◆ TASK DETAILS:
Without the pictures, retype exactly the lines from the top of the entries below through the line that contains "Diamond Topaz Silver".

◆ RECORDS TO PROCESS:
_____
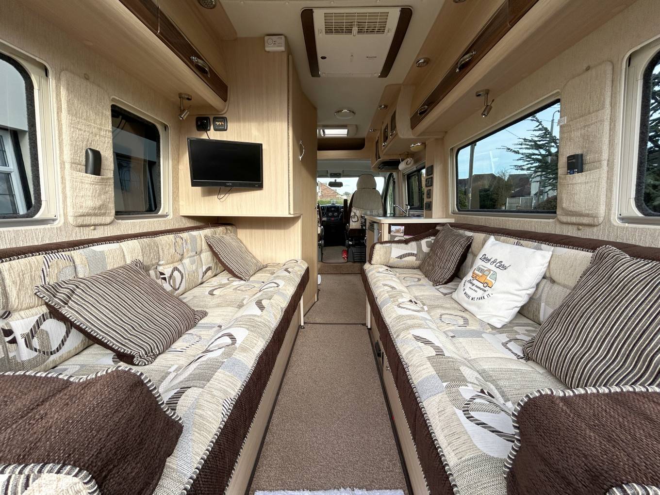 Based on the excellent Peugeot Boxer chassis with the powerful but economical 2.2 litre engine this Warwick will get you to your holiday destination with the minimum of fuss. The cab area is spacious for both front passengers and the air conditioning will keep you cool on hot days. There is a reversing camera, a radio cd player, electric windows and mirrors, steering wheel mounted controls and cruise control. A major benefit is that rear air suspension has been fitted to guarantee you a smooth ride wherever your adventurous spirit takes you.
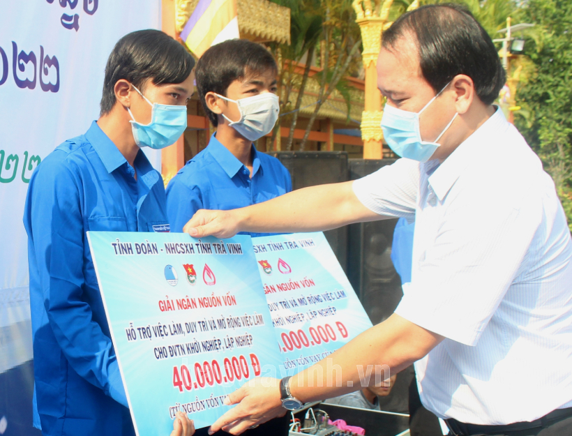 Ông Lê Hoàng Phi, Phó Giám đốc Ngân hàng Chính sách xã hội chi nhánh Trà Vinh trao bảng tượng trưng hỗ trợ vốn lập thân, lập nghiệp cho ĐVTN huyện Cầu Ngang năm 2022.
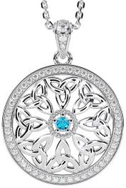 Diamond Topaz Silver Celtic Trinity Knot Necklace
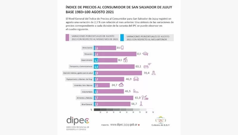 El Nivel General del IPC para San Salvador de Jujuy registró en agosto una variación de 2,3 % con relación al mes anterior. Respecto a agosto de 2020, la variación fue del 56,7%, mientras que respecto a diciembre del último año, fue de 32%. La mayor variación por rubros la tuvo Transporte y comunicaciones, con un 6,9% respecto al mes anterior, un 63,1% respecto a agosto de 2020 y un 49,3% respecto a diciembre pasado. Le sigue el rubro Esparcimiento, con un 6,2%, un 36,5% y un 10,2% en iguales referencias que las anteriores.
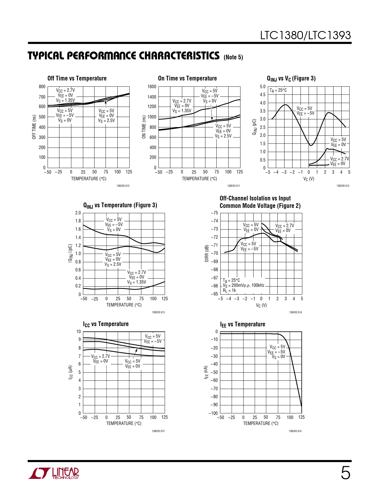 10 0 VCC = 5V 9 V –10 EE = – 5V 8 –20 VCC = 5V VEE = –5V 7 VCC = 2.7V – 30 VS = 0V VEE = 0V V 6 CC = 5V V – 40 EE = 0V µA) ( 5 (nA) – 50 I CC I EE 4 – 60 3 –70 2 – 80 1 – 90 0 –100 –50 –25 0 25 50 75 100 125 –50 –25 0 25 50 75 100 125 TEMPERATURE (°C) TEMPERATURE (°C) 1380/93 G15 1380/93 G16 5
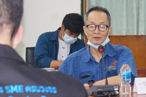 นาย พงษ์ศักดิ์ ภูนิลวาลย์ หัวหน้าส่วนฝ่ายศูนย์ให้บริการ SMEsครบวงจร สำนักงานส่งเสริมวิสาหกิจขนาดกลางและขนาดย่อม กลุ่มจังหวัดภาคตะวันออกเฉียงเหนือตอนกลาง เป็นผู้กล่าวนำการหารือโดยได้กล่าวว่า “ขอขอบคุณสถาบันวิจัยยุทธศาสตร์และประสานความร่วมมือเพื่อพัฒนาภาค ตะวันออกเฉียงเหนือ มหาวิทยาลัยขอนแก่นที่ให้การต้อนรับและให้องค์ความรู้ในครั้งนี้ เรื่องของจิ้งหรีดยังเป็นเรื่องใหม่ในส่วนกลาง แต่สำหรับในภาคอีสานแล้วถือว่า มข.ได้เดินหน้าทำเรื่องนี้ไปไกลมากแล้วแล้วยังเป็นการส่งเสริมที่มีมาตรฐาน ซึ่งบทบาทของ สสว.เราสามารถช่วยได้ตั้งแต่กลางน้ำไปจนถึงปลายน้ำเช่น รูปแบบกระบวนการบริหารการจัดการ ไทม์ไลน์การจัดเก็บ การคำนวณต้นทุน และยังรวมถึงการใช้บริการของ Central Lab” โดยในที่ประชุมได้มีการนำเสนอประเด็นปัญหากลุ่มคลัสเตอร์จิ้งหรีด ซึ่งเป็นปัญหาที่ต้องการให้เกิดความร่วมมือในการแก้ไขปัญหาโดยเฉพาะอย่างยิ่งในประเด็นปัญหาที่เกษตรกรในพื้นที่ไม่สามารถแก้ไขเองได้ เช่นการขาดมาตรฐานในการจัดการ ปัญหาแหล่งเงินทุนสนับสนุน องค์ความรู้ในการวางแผนการจัดการ
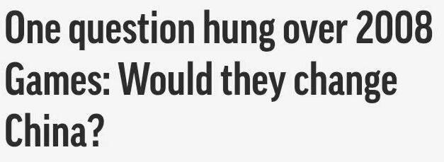 2008年奧運會在北京舉行之前,西方記者就發表了無數文章,講述國際關注將對中國社會和政府造成壓力,迫使中國改變在民族、宗教、人權等問題上的立場,並將中國轉變為西方式民主國家——一個更有可能受到西方思想和西方政治影響的國家。然而,這並沒有真正發生。
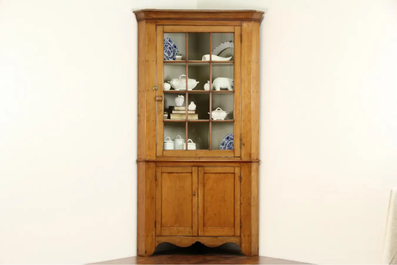 Said to be from Ohio, this 1840's cherry corner cupboard or cabinet has old wavy glass panes. The old finish is in very fine condition on this finely crafted American country furniture.
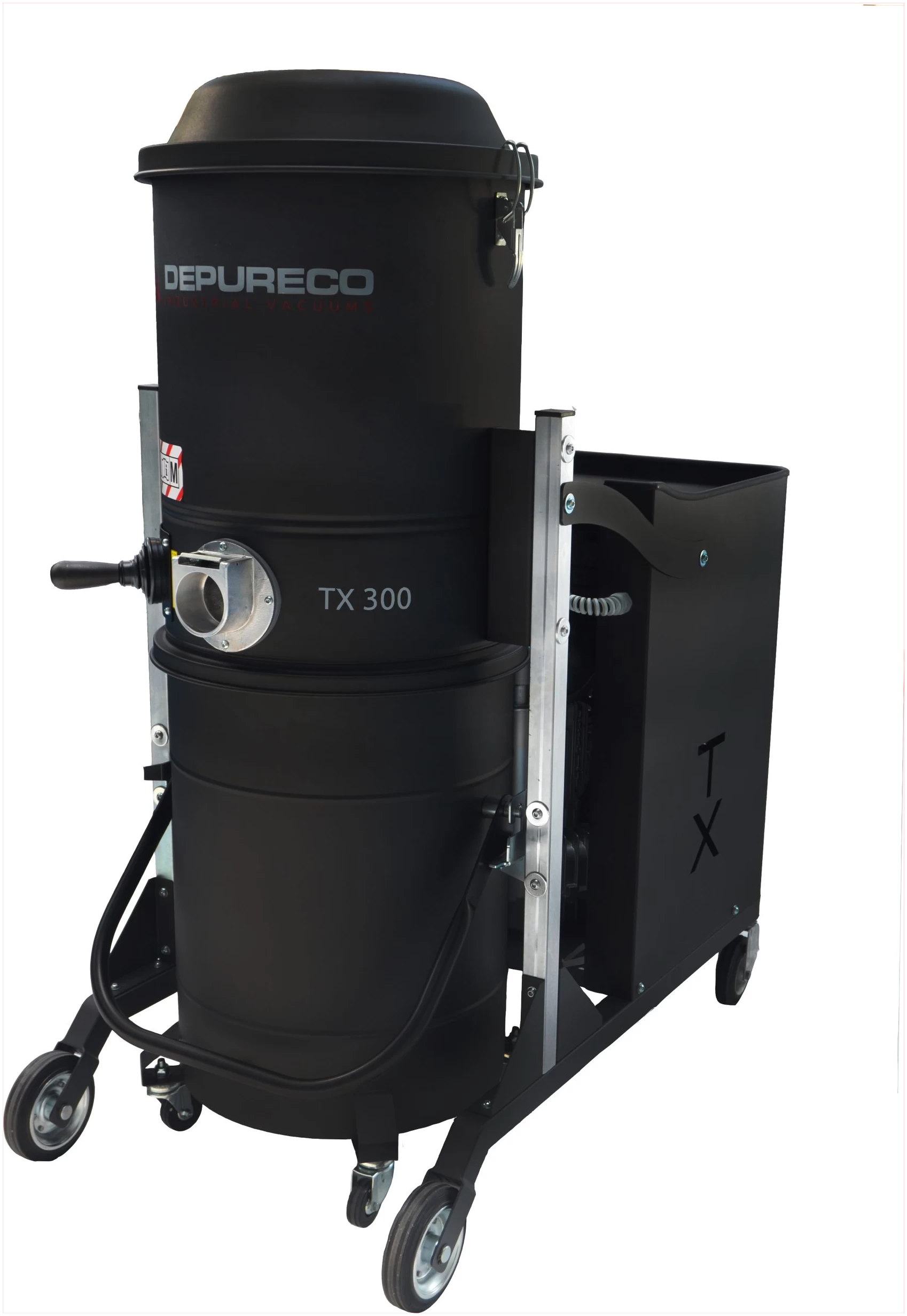 TX300 on kolmivaiheinen teollisuuspölynimuri kiinteille materiaaleille. Kestävyytensä, korkean imutehonsa ja suuren suodatuspinta-alansa ansiosta sillä on mahdollista imeä suuria määriä materiaalia. Se on varustettu sivukanavapuhaltimella, lisä-äänenvaimentimella sekä M-luokan suodattimella, joka mahdollistaa myös hienonjakoisen pölyn siivoamisen.
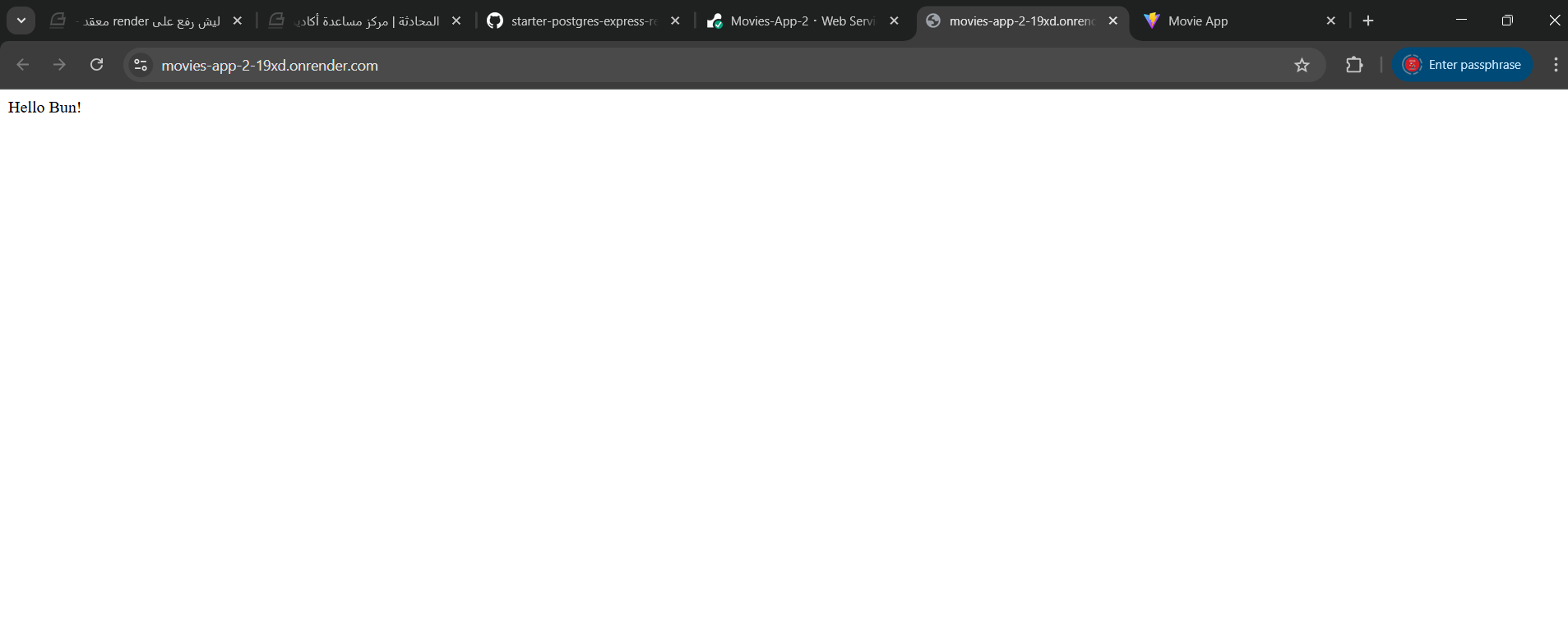 هي ب نسبة ل رابط ريندر لكنه لا يعمل مع مشروعي https://www-movies-app.netlify.app/ هاد رابط مستودع https://github.com/ZenZN99/Movies-App import React, { useEffect, useState } from "react"; import "./register.css"; import toast from "react-hot-toast"; import { useNavigate } from "react-router-dom"; import AOS from "aos"; import "aos/dist/aos.css"; const Register = () => { const [form, setForm] = useState({ username: "", email: "", password: "", }); const [error, setError] = useState(""); const [loading, setLoading] = useState(false); const navigate = useNavigate(); const handleChange = (e: React.ChangeEvent<HTMLInputElement>) => { setForm({ ...form, [e.target.name]: e.target.value }); }; const handleSubmit = async (e: React.FormEvent) => { e.preventDefault(); setLoading(true); setError(""); try { const res = await fetch("https://movies-app-2-19xd.onrender.com/api/auth/register", { method: "post", headers: { "Content-Type": "application/json", }, body: JSON.stringify(form), }); const data = await res.json(); if (!res.ok) { setError(data.error || "Something went wrong!"); } else { localStorage.setItem("token", data.token); localStorage.setItem("username", data.user.username); toast.success(`Welcome ${data.user.username}`); setForm({ username: "", email: "", password: "" }); navigate("/"); } } catch (error) { console.log(error); setError("Network error. Please try again later."); } finally { setLoading(false); } }; useEffect(() => { if (error) { const timer = setTimeout(() => { setError(""); }, 5000); return () => clearTimeout(timer); } }, [error]); useEffect(() => { const token = localStorage.getItem("token"); if (token) { navigate("/"); toast("You are logged in with action", {duration:3000}); return; } }, []); useEffect(() => { AOS.init({ duration: 2000 }); }, []); return ( <div className="register-container" data-aos="fade-up"> <div className="register-wrapper"> <div className="register-card"> <h1 className="register-title">Create Account</h1> <p className="register-subtitle">Join our community today</p> <form onSubmit={handleSubmit} className="register-form"> {error && <p className="error-message">{error}</p>} <input type="text" name="username" placeholder="Username" value={form.username} onChange={handleChange} required /> <input type="email" name="email" placeholder="Email Address" value={form.email} onChange={handleChange} required /> <input type="password" name="password" placeholder="Password" value={form.password} onChange={handleChange} required /> <button type="submit" className="register-btn"> {loading ? "Creating an account..." : "Register"} </button> </form> <p className="register-footer"> Already have an account? <a href="/login">Login</a> </p> </div> </div> </div> ); }; export default Register; import express from "express"; import dotenv from "dotenv"; import userRouter from "./routes/user.route"; import cors from "cors"; dotenv.config(); const app = express(); const port = process.env.PORT || 3000; app.use( cors({ origin: "https://www-movies-app.netlify.app", credentials: true, }) ); app.use(express.json()); app.use("/api/auth", userRouter); app.get("/", (req, res) => { res.send("Hello Bun!"); }); app.listen(port, () => { console.log(`Server is running on port ${port}`); });
_____
◆ RESULT FOR THIS TASK:
 Based on the excellent Peugeot Boxer chassis with the powerful but economical 2.2 litre engine this Warwick will get you to your holiday destination with the minimum of fuss. The cab area is spacious for both front passengers and the air conditioning will keep you cool on hot days. There is a reversing camera, a radio cd player, electric windows and mirrors, steering wheel mounted controls and cruise control. A major benefit is that rear air suspension has been fitted to guarantee you a smooth ride wherever your adventurous spirit takes you.
 Ông Lê Hoàng Phi, Phó Giám đốc Ngân hàng Chính sách xã hội chi nhánh Trà Vinh trao bảng tượng trưng hỗ trợ vốn lập thân, lập nghiệp cho ĐVTN huyện Cầu Ngang năm 2022.
 Diamond Topaz Silver Celtic Trinity Knot Necklace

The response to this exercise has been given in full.